*** Opening Supplied material ***
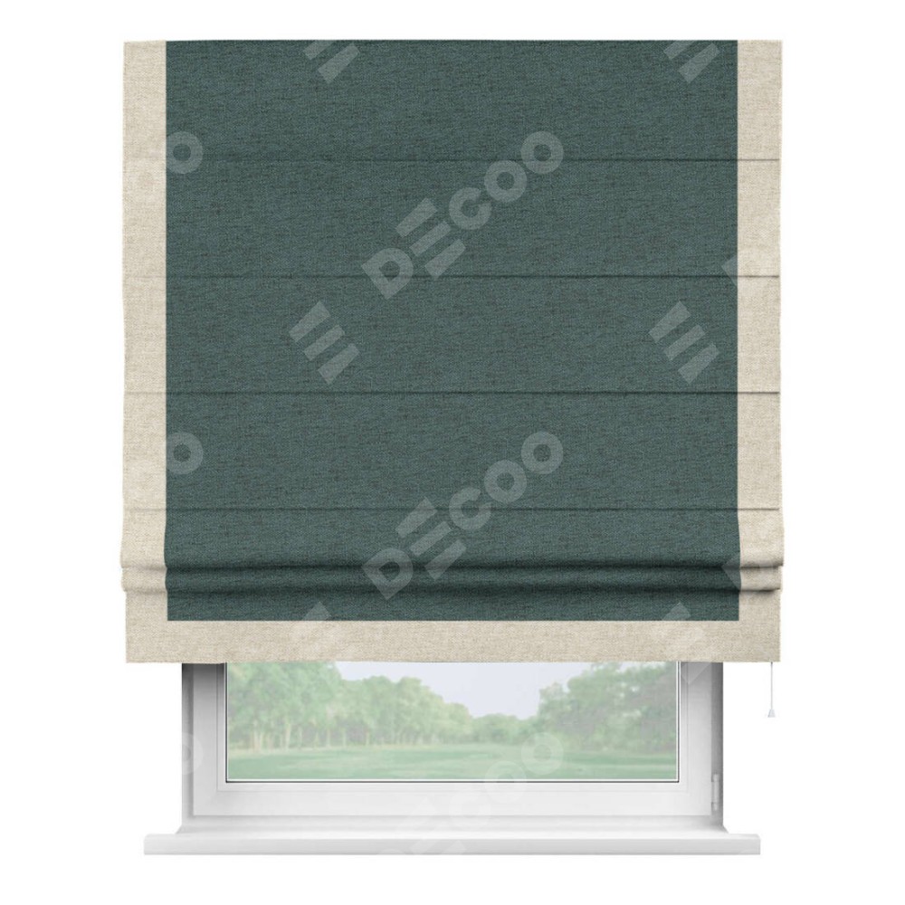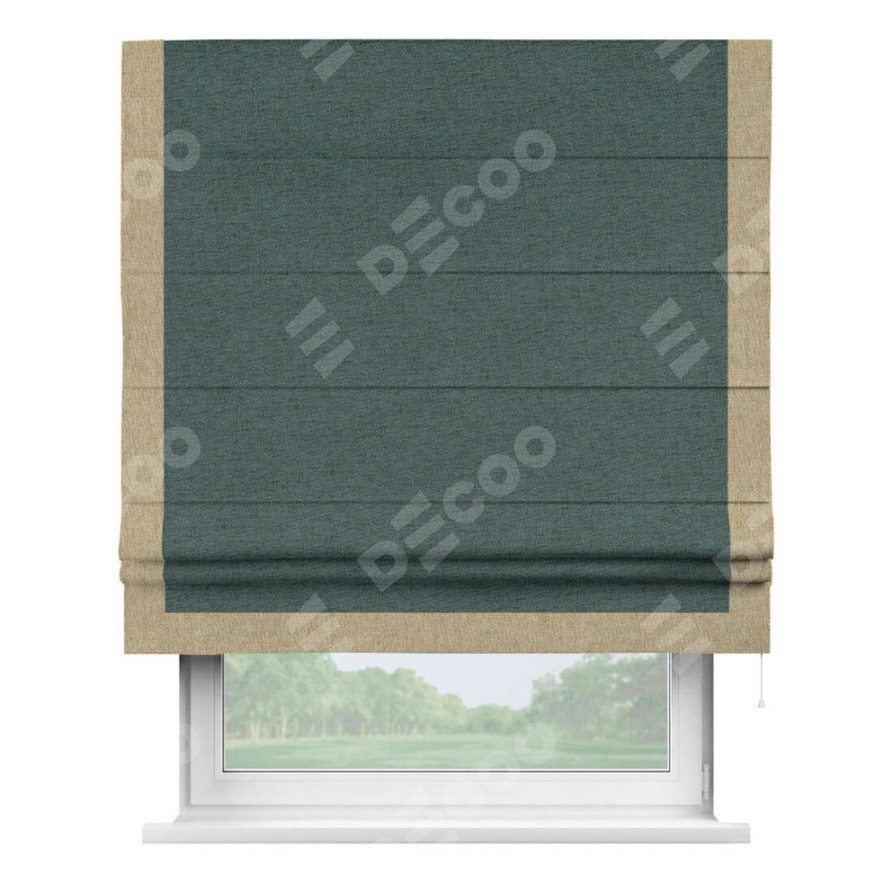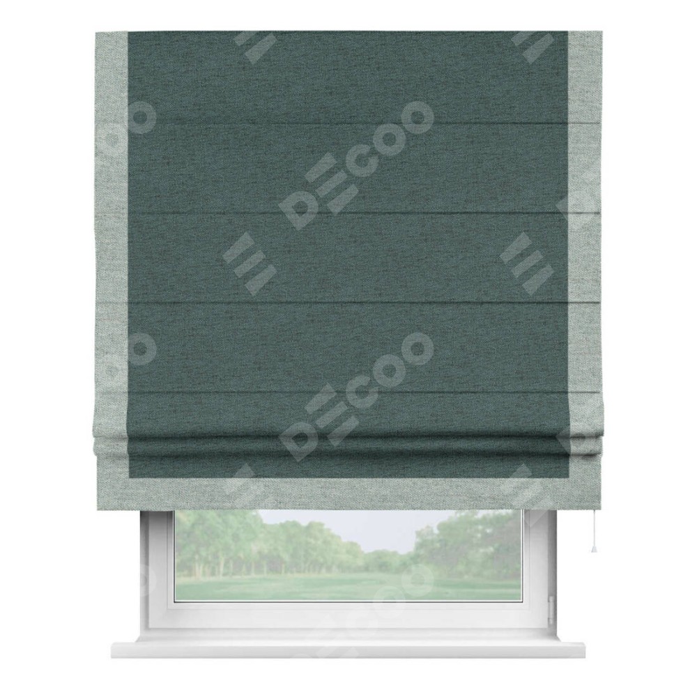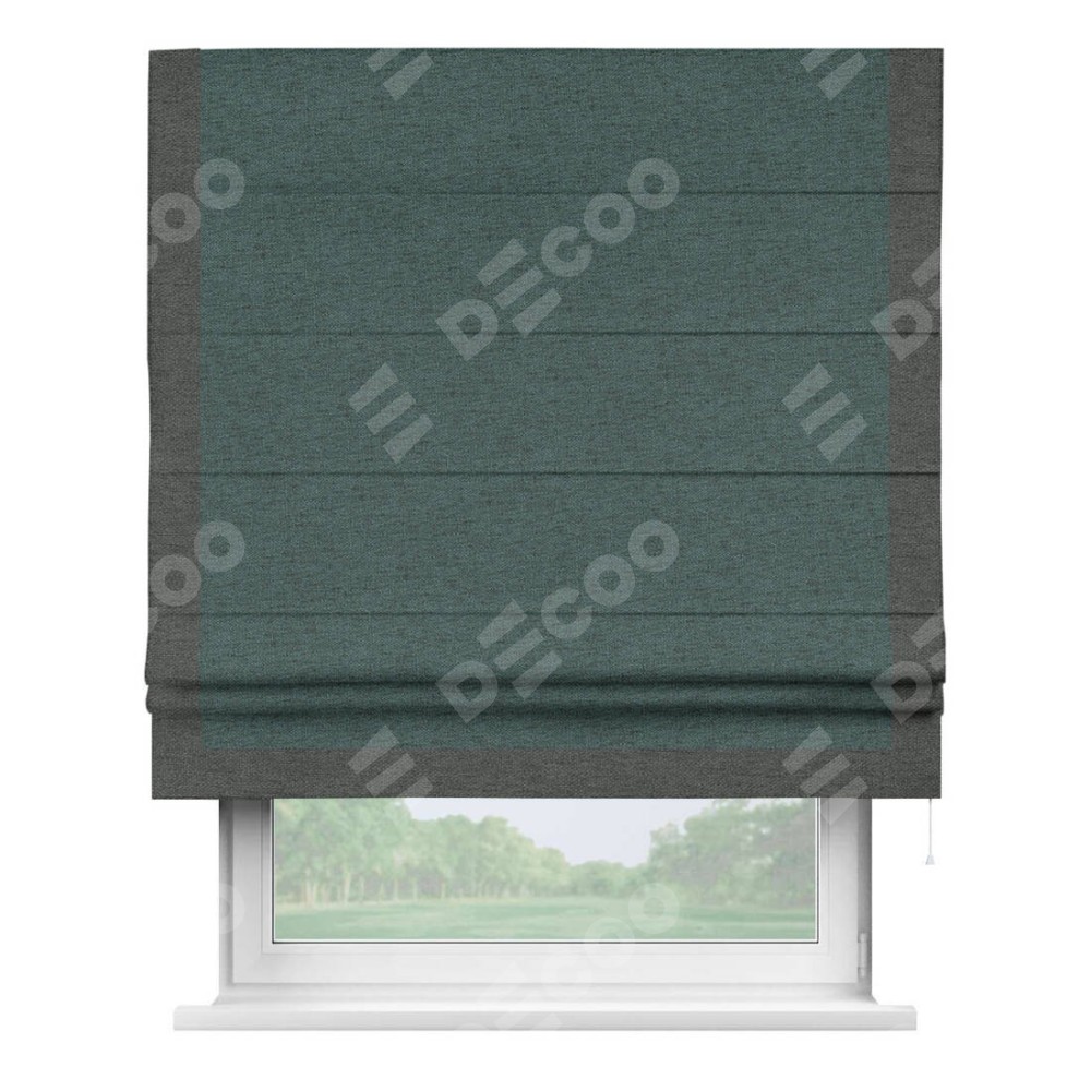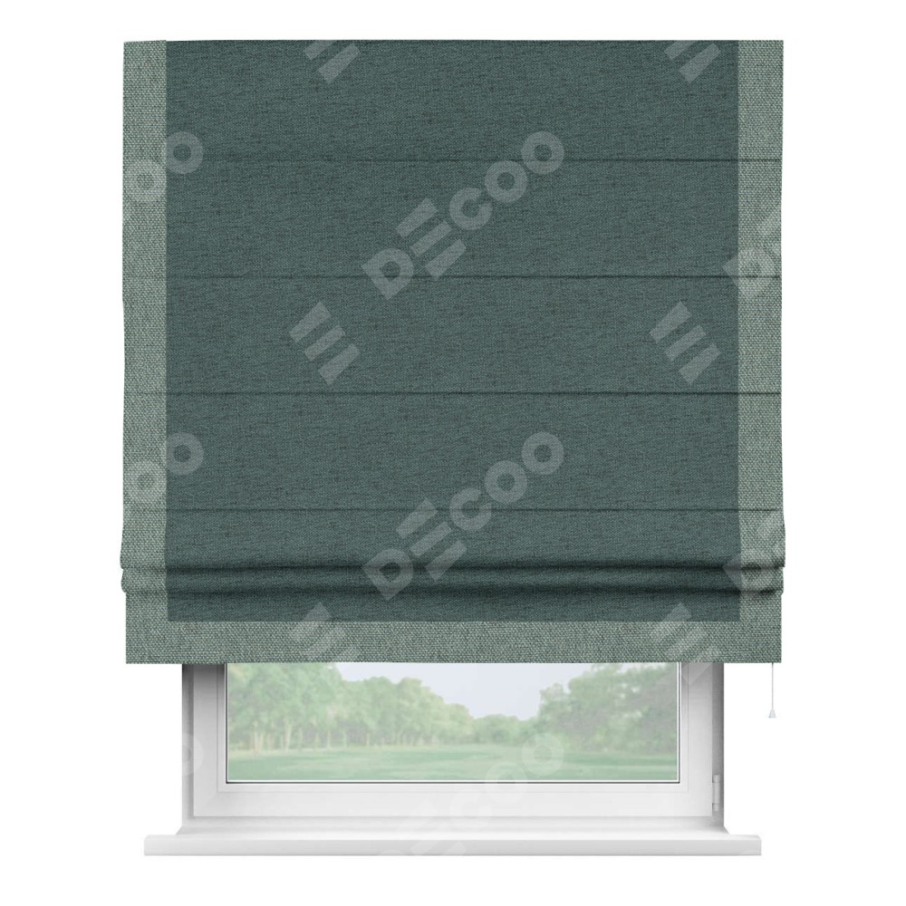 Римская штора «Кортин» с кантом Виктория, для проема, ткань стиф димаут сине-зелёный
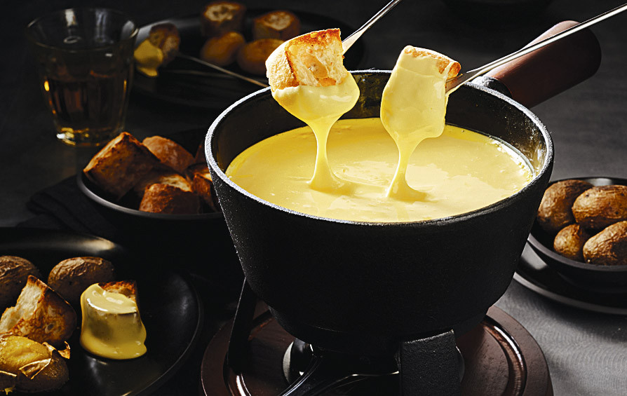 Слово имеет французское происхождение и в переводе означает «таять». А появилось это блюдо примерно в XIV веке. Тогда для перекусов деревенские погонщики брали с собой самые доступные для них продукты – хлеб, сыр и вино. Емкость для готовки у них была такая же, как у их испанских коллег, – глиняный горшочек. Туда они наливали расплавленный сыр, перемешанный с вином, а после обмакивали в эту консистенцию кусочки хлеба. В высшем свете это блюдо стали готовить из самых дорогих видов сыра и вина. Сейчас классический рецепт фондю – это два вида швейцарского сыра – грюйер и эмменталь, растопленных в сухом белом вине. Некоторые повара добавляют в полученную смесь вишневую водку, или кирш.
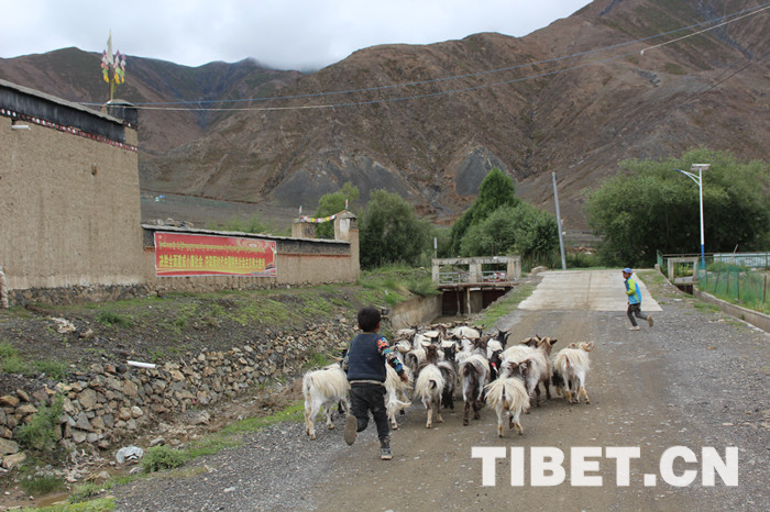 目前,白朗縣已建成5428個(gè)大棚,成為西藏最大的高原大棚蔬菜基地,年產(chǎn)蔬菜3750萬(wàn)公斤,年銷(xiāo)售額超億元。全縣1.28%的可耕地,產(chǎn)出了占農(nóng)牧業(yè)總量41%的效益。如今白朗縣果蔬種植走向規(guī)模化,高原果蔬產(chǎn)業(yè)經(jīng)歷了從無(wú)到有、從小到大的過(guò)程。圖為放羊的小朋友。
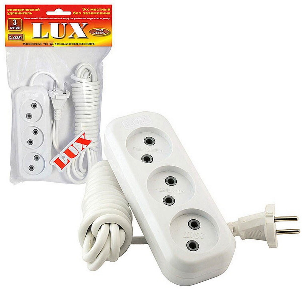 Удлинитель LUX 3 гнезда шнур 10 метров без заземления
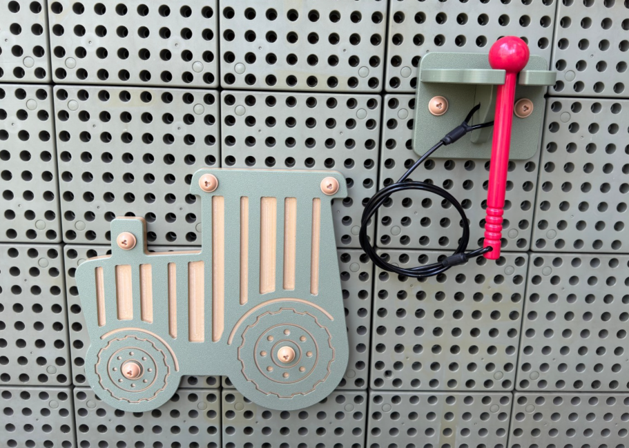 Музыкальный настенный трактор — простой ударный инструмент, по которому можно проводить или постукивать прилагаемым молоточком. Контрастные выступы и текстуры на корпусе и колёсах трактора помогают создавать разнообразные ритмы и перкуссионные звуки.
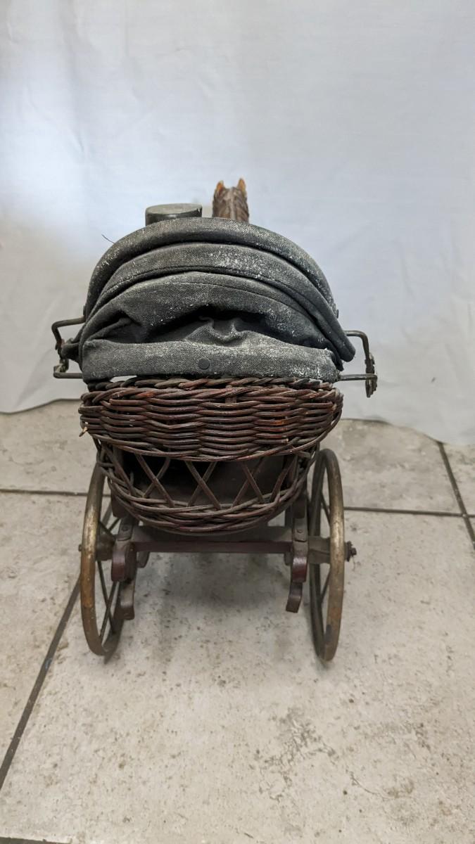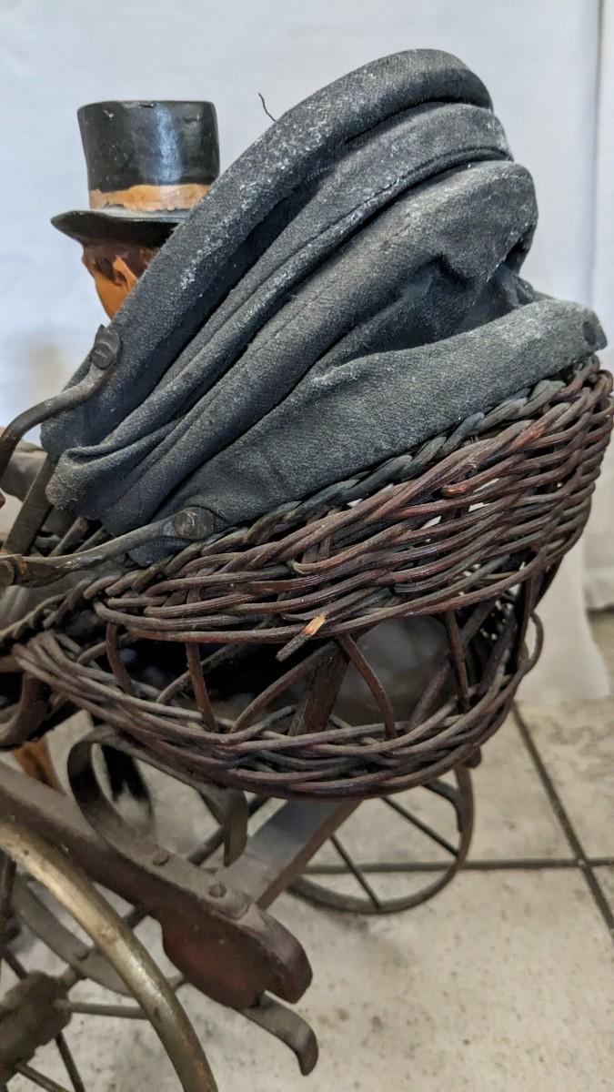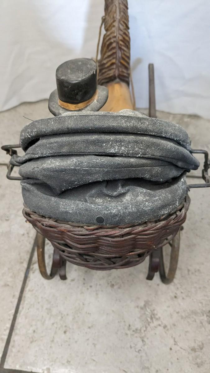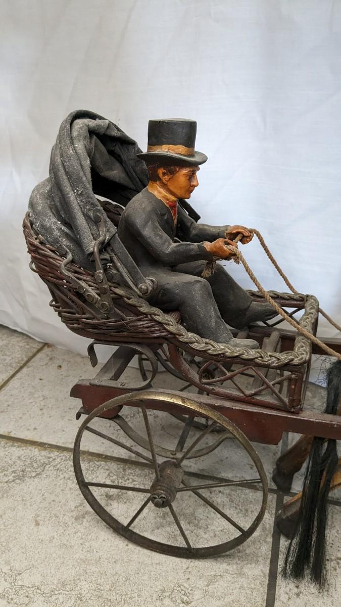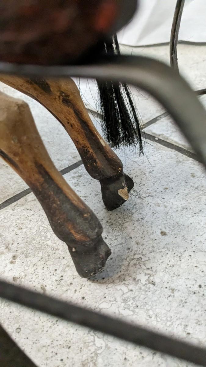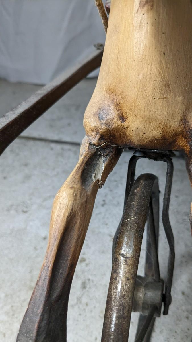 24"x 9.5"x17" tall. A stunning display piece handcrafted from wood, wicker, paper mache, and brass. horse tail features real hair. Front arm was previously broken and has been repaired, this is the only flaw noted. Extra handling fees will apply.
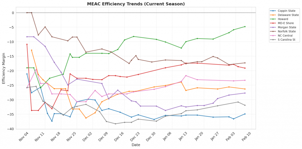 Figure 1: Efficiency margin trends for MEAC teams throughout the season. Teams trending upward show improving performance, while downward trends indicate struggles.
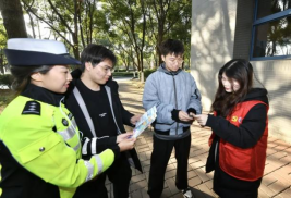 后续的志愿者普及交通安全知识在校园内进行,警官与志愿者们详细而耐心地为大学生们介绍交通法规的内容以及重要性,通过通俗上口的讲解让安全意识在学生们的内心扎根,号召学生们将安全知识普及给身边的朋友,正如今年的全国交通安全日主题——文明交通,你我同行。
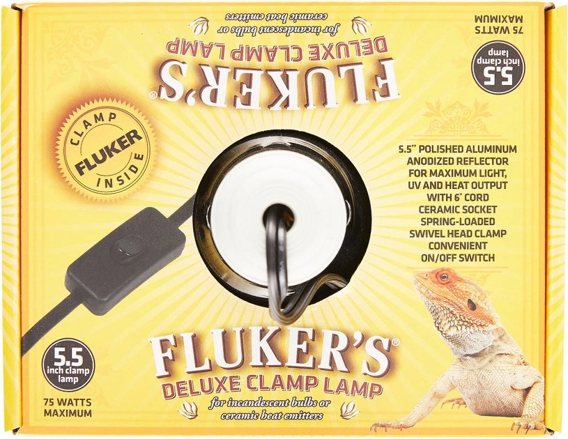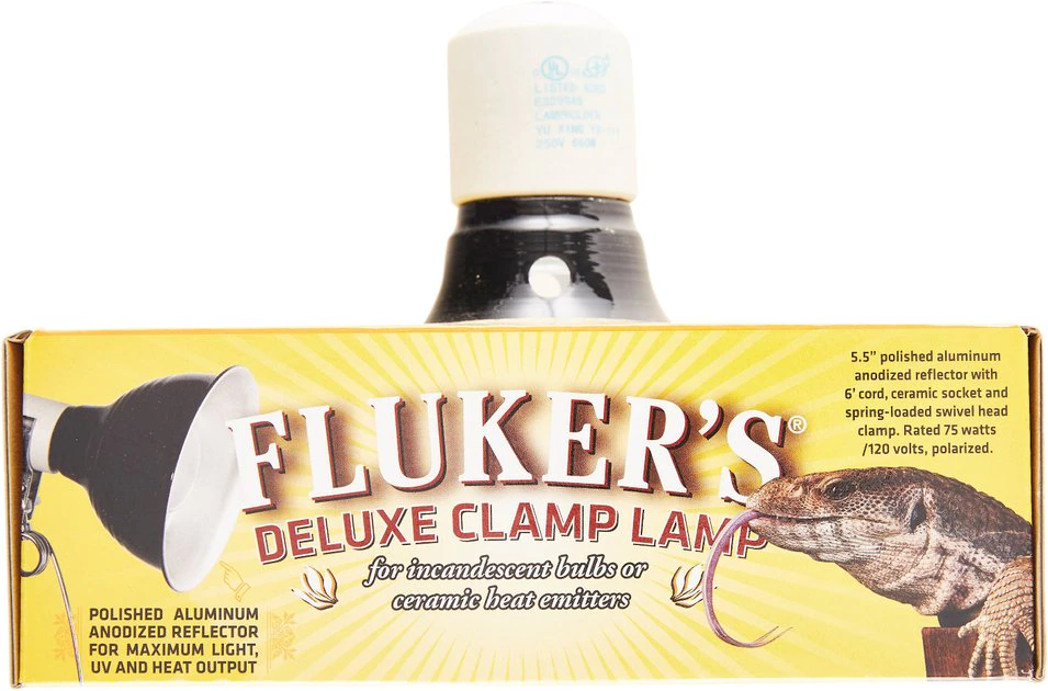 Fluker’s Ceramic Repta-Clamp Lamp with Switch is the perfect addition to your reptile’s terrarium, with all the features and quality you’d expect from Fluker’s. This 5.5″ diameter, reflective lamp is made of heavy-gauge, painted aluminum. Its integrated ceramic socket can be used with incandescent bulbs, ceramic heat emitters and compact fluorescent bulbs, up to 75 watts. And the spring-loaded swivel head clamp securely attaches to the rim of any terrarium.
*** Closing Supplied material ***
#### About this exercise
Retype the lines above exactly as they appear, from the line containing "fees will apply." through the line containing "后续的志愿者普及交通安全知识", and leave out any pictures.

#### Written solution
 24"x 9.5"x17" tall. A stunning display piece handcrafted from wood, wicker, paper mache, and brass. horse tail features real hair. Front arm was previously broken and has been repaired, this is the only flaw noted. Extra handling fees will apply.
 Figure 1: Efficiency margin trends for MEAC teams throughout the season. Teams trending upward show improving performance, while downward trends indicate struggles.
 后续的志愿者普及交通安全知识在校园内进行,警官与志愿者们详细而耐心地为大学生们介绍交通法规的内容以及重要性,通过通俗上口的讲解让安全意识在学生们的内心扎根,号召学生们将安全知识普及给身边的朋友,正如今年的全国交通安全日主题——文明交通,你我同行。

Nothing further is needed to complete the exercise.